Wednesday, November 10, 2010

Holiday Baking (part 1 - by Margaret Ullrich)

The weather has finally turned.

Time to start thinking about the holidays.

I don't know about you, but as far as I'm concerned, there are 2 questions no one should ever ask a woman.  The first is "How old are you?"  

The second is "Have you done your holiday baking?"  


Holiday baking has been with us an awfully long time.  Did you know that ginger was popular in Greece 5,000 years ago?  The Egyptians were eating gingerbread when the great pyramid of Cheops was new.  
I wonder what their gingerbread men looked like. 

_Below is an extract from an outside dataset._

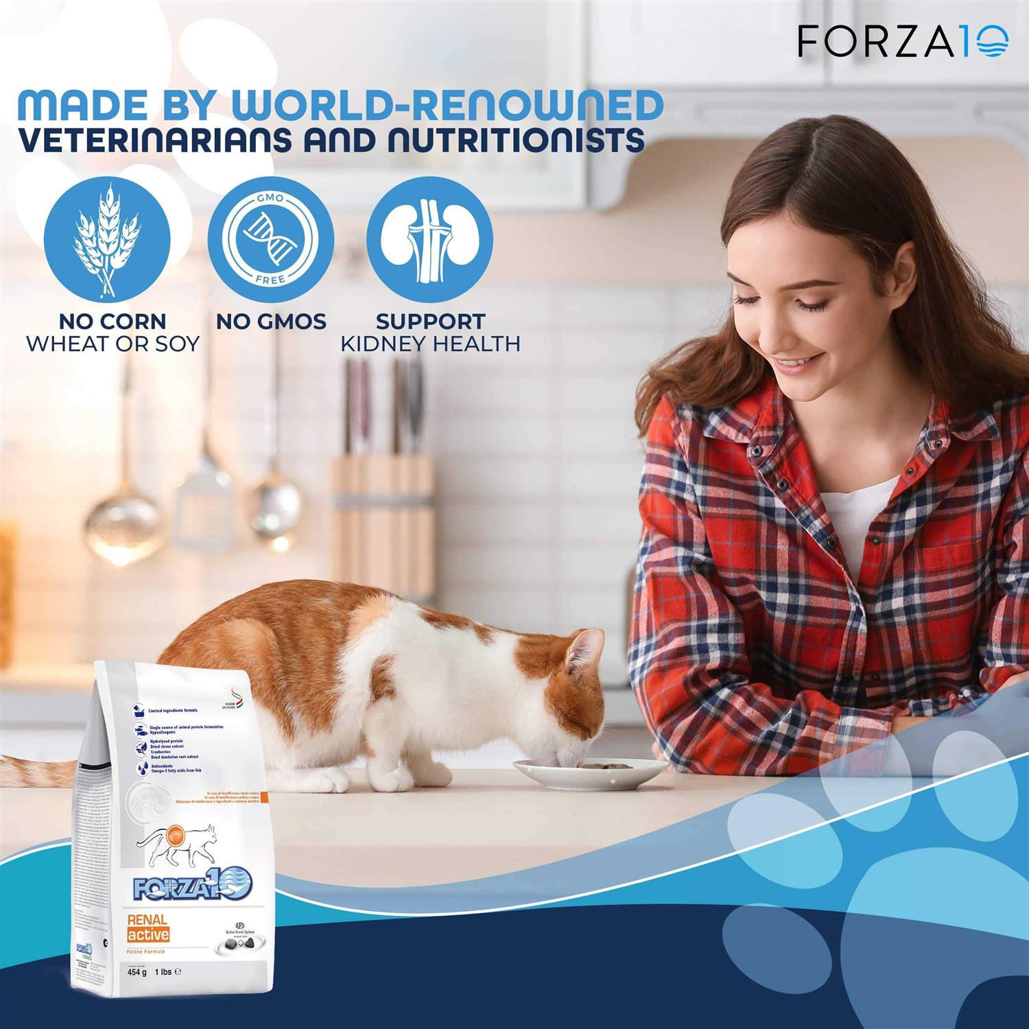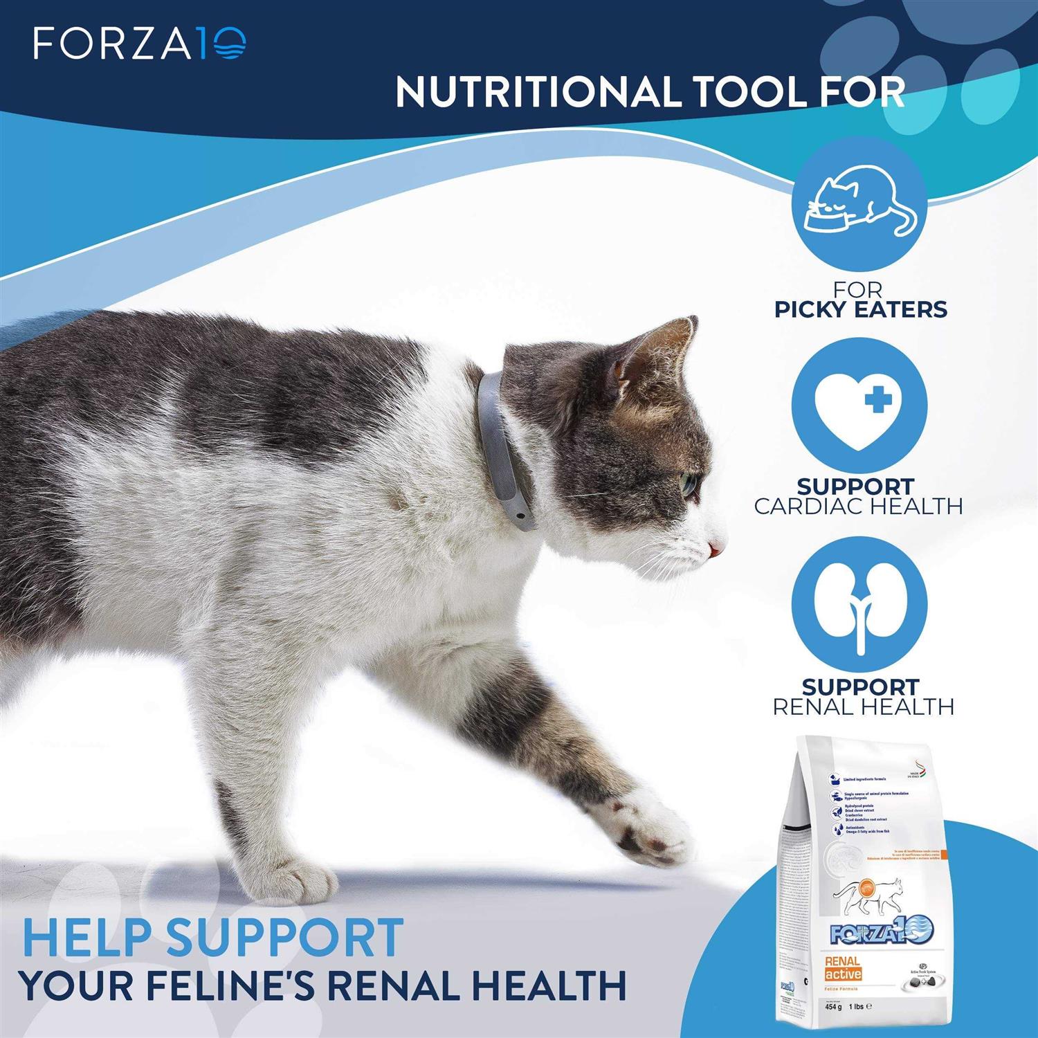 KIDNEY CARE CAT FOOD – this dry kidney cat food is formulated to help improve poor kidney function and heart issues. Made with anchovies, salmon and therapeutic plants to provide beneficial nutrients to support your cats health VET RECOMMENDED RENAL CAT FOOD – keeps cats well-nourished by providing the holistic nutrition they need. Great tasting renal dry cat food that does not require prescription LOW PROTEIN, LOW SODIUM, LOW PHOSPHORUS CAT FOOD – kidney diet cat food helps cats with chronic renal insufficiency. Great cat food for kidney disease so that your feline companion feels better PREMIUM QUALITY HEALTHY CAT FOOD KIDNEY DIET – corn, wheat and soy free, no antibiotics, NON-GMOs, no artificial preservatives or flavors. Made with hydrolyzed fish protein for easy digestion and cat kidney support CAT RENAL FOOD – made from natural ingredients with an optimal balance of Omega 3 and 6 fatty acids. Kidney diet for cats that delivers fast results. Kidney formula cat food available in 1, 2 and 4 pound bags FORZA10 KIDNEY RENAL ACTIVE /b represents the specific Active Line diet developed to help all cats with chronic or acute kidney problems or heart problems which don’t respond satisfactorily to conventional therapy. br br Renal Active has been developed to support renal and cardiac metabolism in all cases of chronic renal failure, acute renal failure, congestive heart failure, conditions requiring low protein diets, conditions requiring low phosphorus and or sodium content diets. br br The effectiveness of Active Line diets is supported by numerous scientific studies conducted in association with Veterinarians and Italian Universities and published in prestigious international scientific journals Features. ul li KIDNEY FAILURE CAT FOOD – this dry cat food is specifically formulated to help improve poor kidney function and heart issues /li li LIMITED INGREDIENT CAT FOOD – keeps kidney kitties and cardiac cats well-nourished by providing the holistic nutrition they need /li li LOW PROTEIN, LOW PHOSPHOROUS AND LOW SODIUM DIET – dry cat food recipe designed for cats with renal issues /li li HIGH QUALITY HEALTHY CAT FOOD – corn free, wheat free, soy free, by-products free, harmful antibiotics free, NON-GMOs, no artificial preservatives, colors or flavors /li li MADE IN ITALY – made from quality and fresh ingredients while containing an optimal balance of Omega-3 and -6 fatty acids /li /ul

Holiday baking can be a problem for immigrants.  My parents and I arrived in America in 1950.  Christmas had been a religious celebration in Malta.  Our traditional desserts were simple - cookies, fruit and custard.  For the holidays, we had cassata: the custard was spread on a sponge cake.  
Whoopee!!  

If my Sicilian cousins were visiting, Pop picked up some cannoli to keep the peace.  Maltese cookies are dull.  The big thrill with an anise biscotti was seeing how much milk it could suck up before breaking in half and falling into your glass of milk.  It was like eating the sinking Titanic.  

  
I knew my German classmates ended their meals with more oomph.  At church and school gatherings, their mothers brought the most delicious homemade cookies I'd ever tasted.  And they were gorgeous.  The cookies, I mean.  Since Ma wasn't in the race - she brought the coffee - I was free to sample and praise every cookie.  The mothers beamed.  My friends thought I was nuttier than the cookies.